Phylogenetic analysis

Multiple protein sequence alignments were constructed using the T-Coffee program [29] and positions containing >70% gaps were excluded. Distance trees were constructed by using the least-square method as implemented in the FITCH program of the PHYLIP package [30, 31]. The least-square trees were subjected to maximum-likelihood local rearrangement using the ProtML program of the MOLPHY package, with the JTT-F model of amino acid substitutions [32, 33]. The resulting trees are a surrogate for maximum-likelihood phylogenies; exhaustive maximum-likelihood tree construction is impractical for the number of species analyzed here.
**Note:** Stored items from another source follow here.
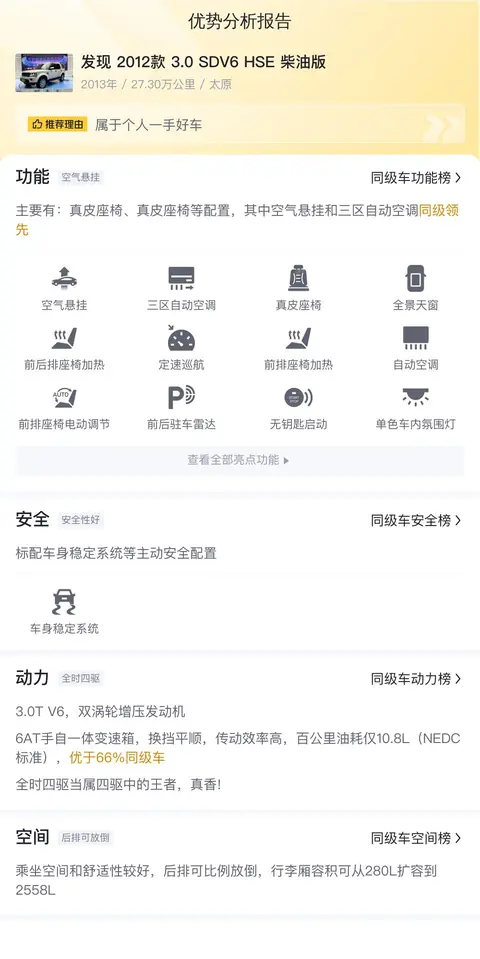 发现(图片|配置|询价),是英国高端汽车品牌路虎(Land Rover)旗下的一款豪华SUV车系。诞生于1989年的路虎发现系列,历经五代车型的演进,持续引领着豪华越野车领域的创新与风尚。今天我们就为您带来一辆二手路虎发现,带您领略其独特的魅力。先说一下车辆的基本信息,该车的具体版本是——发现 2012款 3.0 SDV6 HSE 柴油版,车身颜色为白色,上牌日期为2013年2月,表显里程为27.30万公里,此车未过户。车源所在地和上牌地都在太原,新车指导价84.80万,目前二手车报价20.88万。
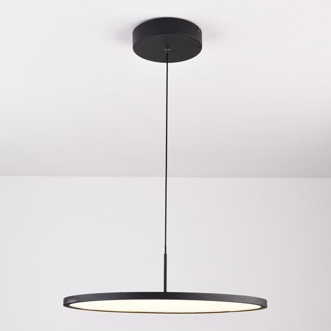 Taysa is a simple, functional pendant lamp that also looks elegant. The clean lines and round black metal frame give your interior an elegant look. Perfect for a modern interior, but also suitable as a timeless addition. The warm white light is beautifully diffused by the opal white diffuser. The pendant lamp also has a built-in 3-step dimmable function so that the lamp is dimmable with the wall switch. The large light surface provides even lighting, which is practical for above the dining table.
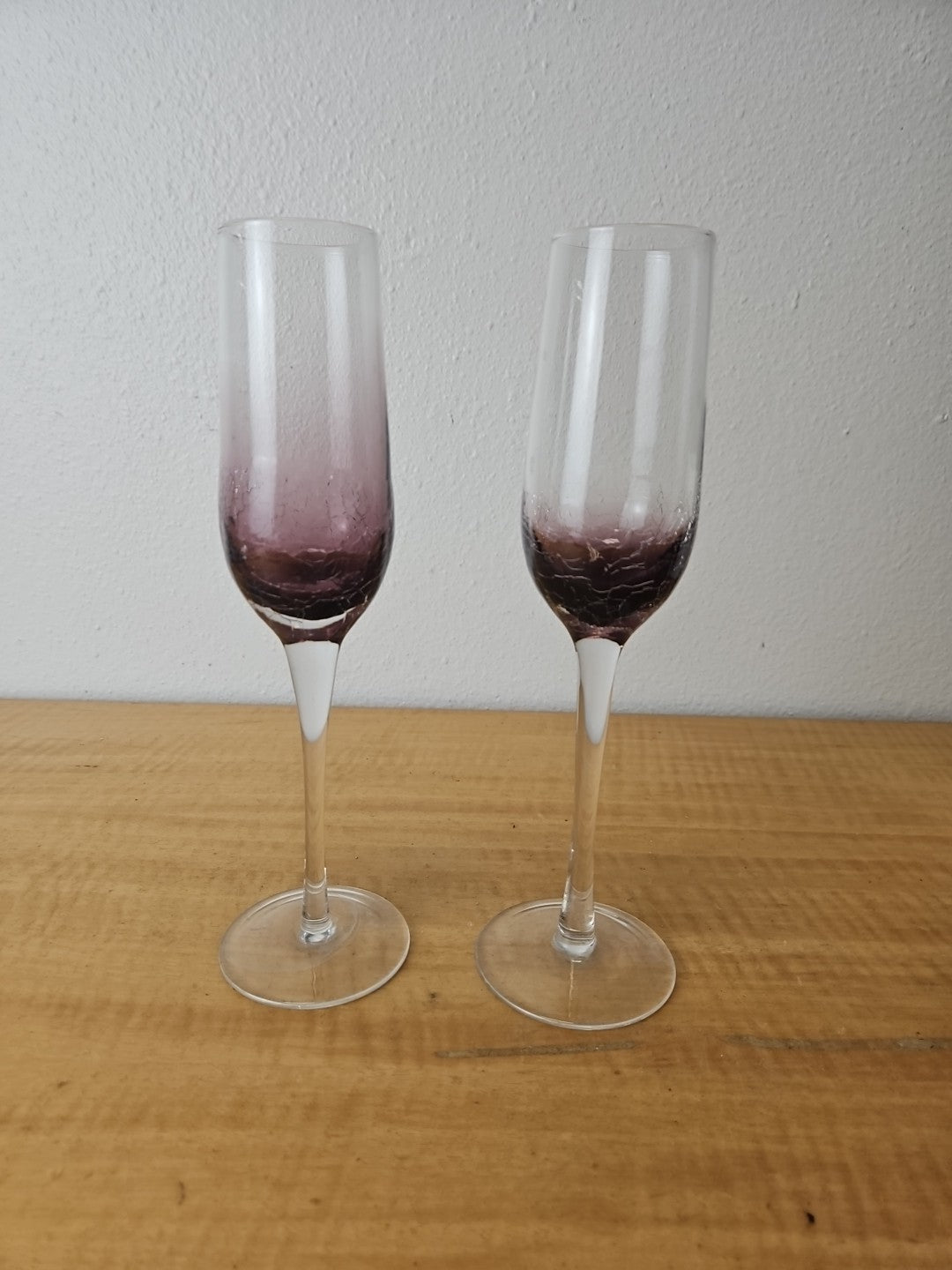 Pier 1 - Crackle Glass Purple Glasses Flutes 10" (2 avail)
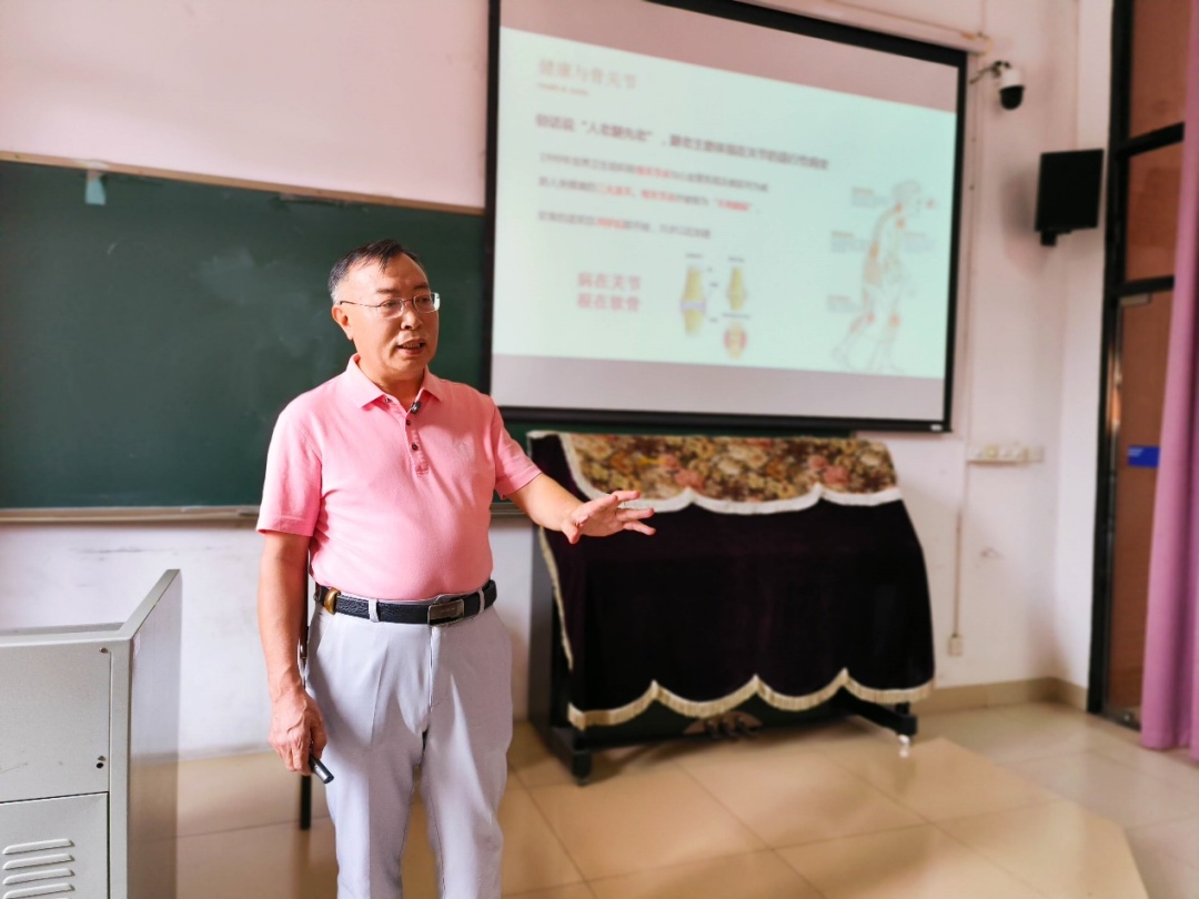 当天,主持人以手指操为开场,引导居民共同参与健康活动。随后,此次活动的主讲嘉宾,银发智库专家、长江学者特聘教授、华南理工大学博士生、硕士生导师赵谋明以通俗易懂的语言和贴近生活的案例,为居民群众详细解读骨骼健康问题,传递科学、前沿、权威的骨关节知识及养护方法。

Bootstrap analysis was performed for each maximum-likelihood tree using the Resampling of Estimated Log-Likelihoods (RELL) method as implemented in MOLPHY [3234]. Alternative placements of selected clades in maximum-likelihood trees were compared by using the rearrangement optimization (Kishino-Hasegawa) method as implemented in the ProtML program [34].

Additional data file

Additional data, including schematics of operon organization and phylogenetic trees for all gene clusters listed in Table 2, are available in an additional data file (Additional data file 1).